Tim Bray beat me to writing about this with some very similar thoughts to mine: Fixing JSON. I especially like his idea about native times, along with prefixing them with
@ as a parser hint. I'd like to propose some tweaks however, based on my experience of writing JSON parsers (twice).
Commas and colons
Not only you don't need either of them, they actually make parsing more complicated. When you're inside an array or an object, you already know when to expect a next value or a key, but you have to diligently check for commas and colons with the sole reason of signaling errors if you don't find them where expected. Add to that edge cases with trailing commas and empty containers, and you get a really complicated state machine with no real purpose.
My proposal is simpler than Tim's, though: no need to actually remove them, just equate them to whitespace. As in:
whitespace = ['\t', '\n', '\r', ' ', ',', ':']. That's it.
It removes all the complications from parsing, and humans can write those for aesthetics. And by the way, this approach works fine in Clojure for vectors and maps.

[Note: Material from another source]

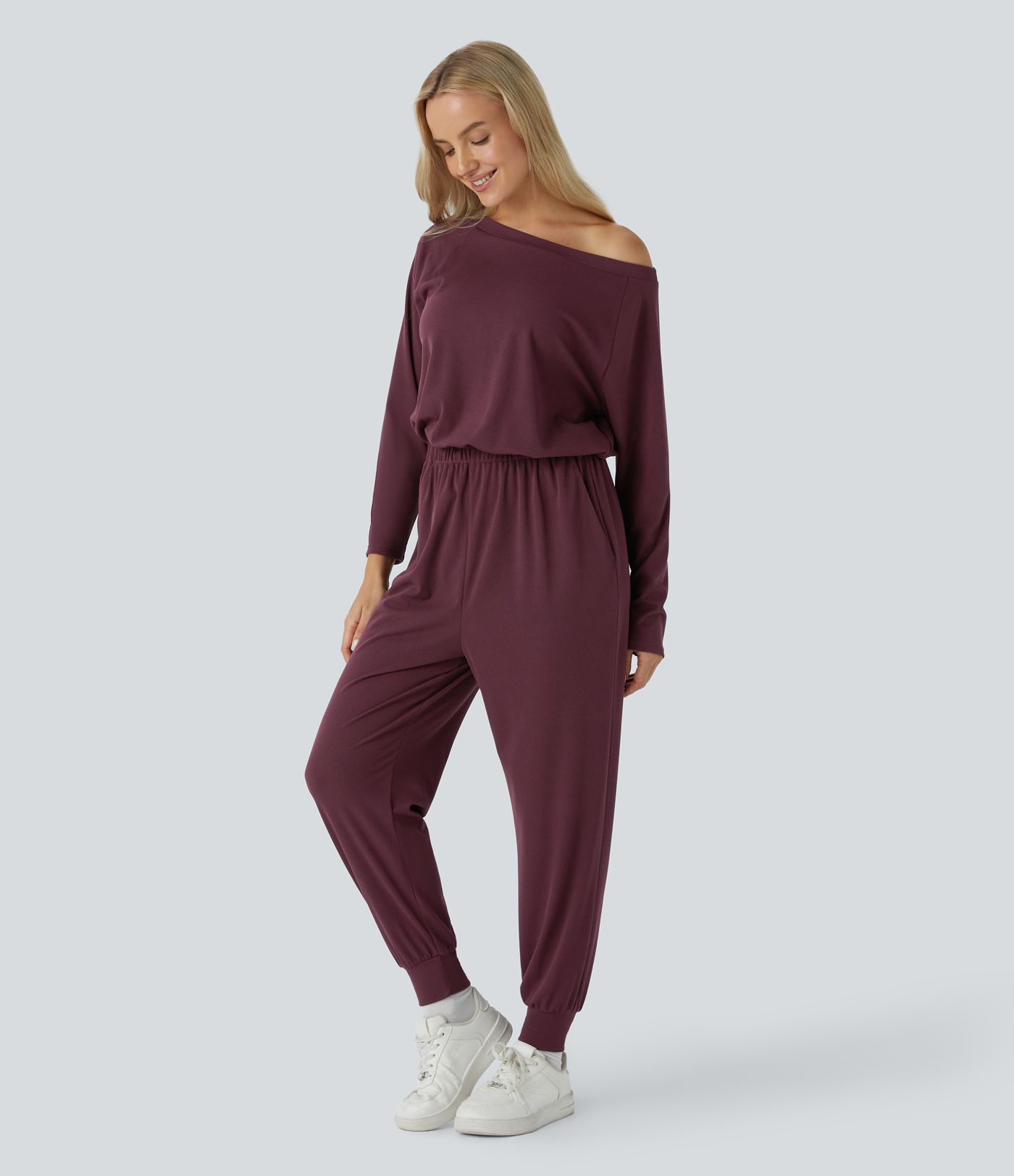 Off Shoulder Long Sleeve Pocket Waffle Casual Jumpsuit

JSON is defined as a UTF-8 encoded stream of bytes. This is already enough for encoding the entire Unicode. Yet, on top of that there's another encoding scheme using
\uXXXX. One could probably speculate it was added to enable authoring tools that can only operate in the ASCII subset of UTF-8, but thankfully we've moved away from those dark ages already.
Handling those is a pain in the ass for a parser, especially a streaming one. Dealing with single-letter escapes like
\n is easy, but with
\uXXXX you need an extra buffer, you need to check for edge cases with not-yet-enough characters, and you're probably going to need a whole separate class of errors for those. Gah…
Just do away with the thing.